Pruning young pear trees is done in the spring, when the plant awakens and has the strength it needs to heal any damage and resist disease. Furthermore, shortening shoots by a quarter increases branching and the formation of fruiting shoots.
Mature pear tree
The main rule when pruning a fruit-bearing plant is to do no harm. If the tree is seriously damaged, it will have to expend energy on recovery. This will lead to a reduced fruit yield and a deterioration in its flavor.
Once the pear tree is established, internal shoots that overly shade the crown are removed, and the central trunk is shortened by a quarter. Furthermore, the length of the skeletal branches is limited, trimmed to the same size, and competing branches are removed.
Old tree
This type of pear is rejuvenated to restore its ability to bear fruit. The resulting fruit grows healthier and juicier. This is how gardeners artificially improve the quality of the fruit.
Rejuvenation pruning is necessary to create a cup-shaped crown with an open center. This ensures good air circulation and allows more sunlight to reach the leaves, which benefits future harvests.
Read also
The rejuvenation process for an old pear tree begins with crown thinning. Dry, damaged branches are removed from the central part. They are pruned to the ring, and the cut area is coated with a protective compound.
This will help the tree heal quickly. Young shoots and the trunk are pruned last. It's also best to remove non-fruiting branches growing parallel to the trunk, centered on the crown, and at an acute angle.
Aftercare
Monitoring the health of garden trees, especially young ones, must be regular, thorough, and technically correct. After spring pruning, when temperatures are consistently above zero and the soil has thawed, the soil around the trunk is dug over. This is done carefully to avoid damaging the plant's roots, which are located close to the surface. The loosened soil is then mulched.
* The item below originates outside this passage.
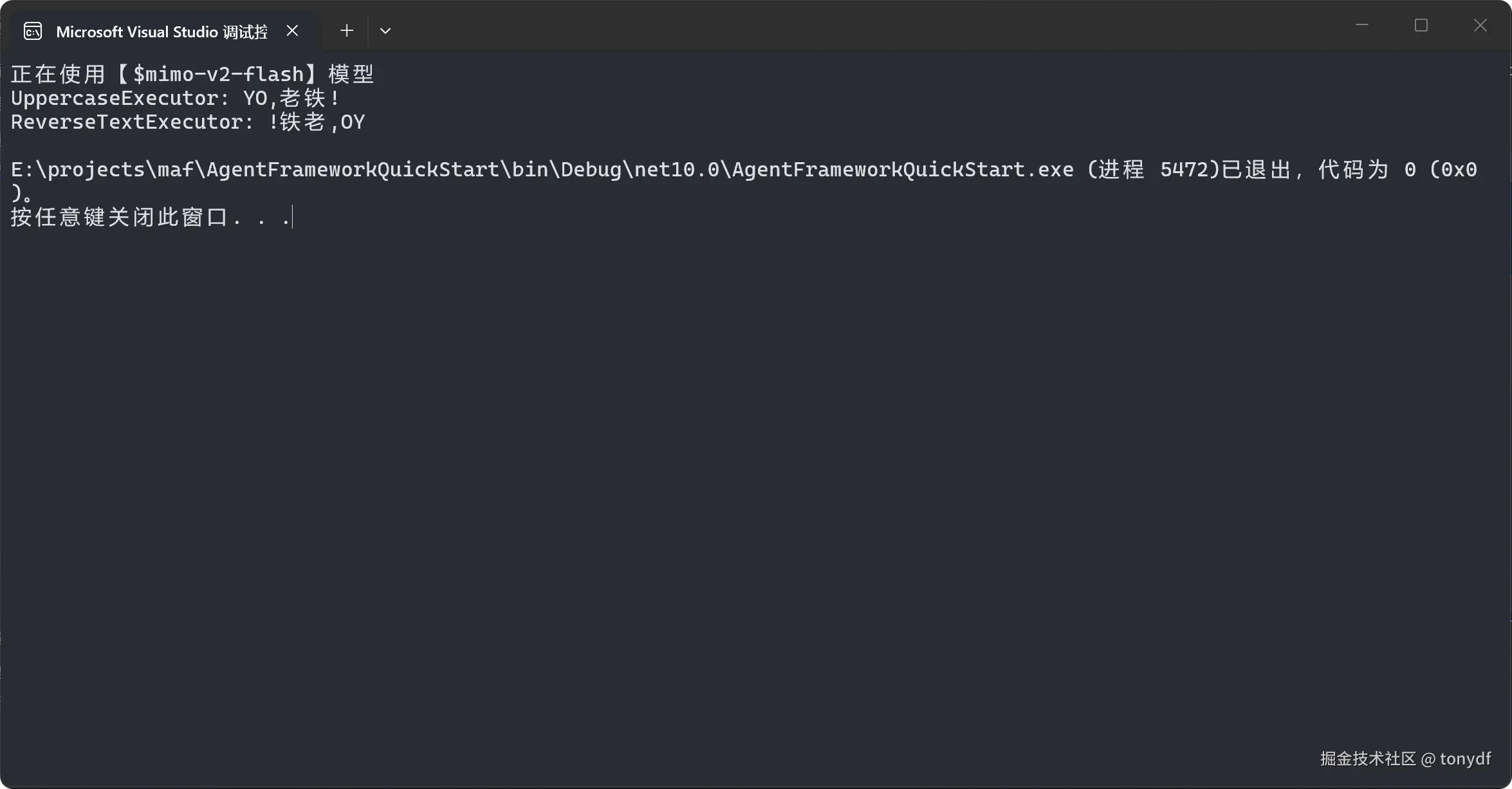 这是官方第一个案例,这个例子里,并没有用到AI的能力,单纯体现的是MAF的原生框架能力。也就是说,我们使用MAF的场景,也可以是一些简单重复的有序场景,比如你原有业务系统里一些分步骤操作的模块,可以考虑接入MAF,改造成自动化的模块,提高效率。

A plant weakened over the winter needs to be fertilized with spring fertilizer. After pruning, the tree will need strength to repair the damage. It's best to apply organic or mineral fertilizers without nitrogen. Nitrogen will accumulate rapidly in the pear's porous tissue, affecting the flavor and texture of the fruit. Before the first leaves appear, treat the garden for pests and diseases.
Common mistakes
A common mistake made by novice gardeners is removing only dead and damaged branches. This pruning is based on the belief that the damage will not progress or spread beyond the initial stage. The shoot should be removed down to the first healthy bud. Another mistake is overcrowding the crown. Closely spaced branches will begin to rub against each other in gusts of wind.
Pruning to the bud is a complex procedure that can be challenging for novice gardeners. Beginners often make mistakes, such as leaving a large stump, over-trimming the base, or cutting the branch at an angle. Another technique violation is using a dull or dirty tool. A dull or dirty tool will leave deep grooves or burrs in the cut, which can lead to rot. Dirty tools can also cause fungal infections of the cut.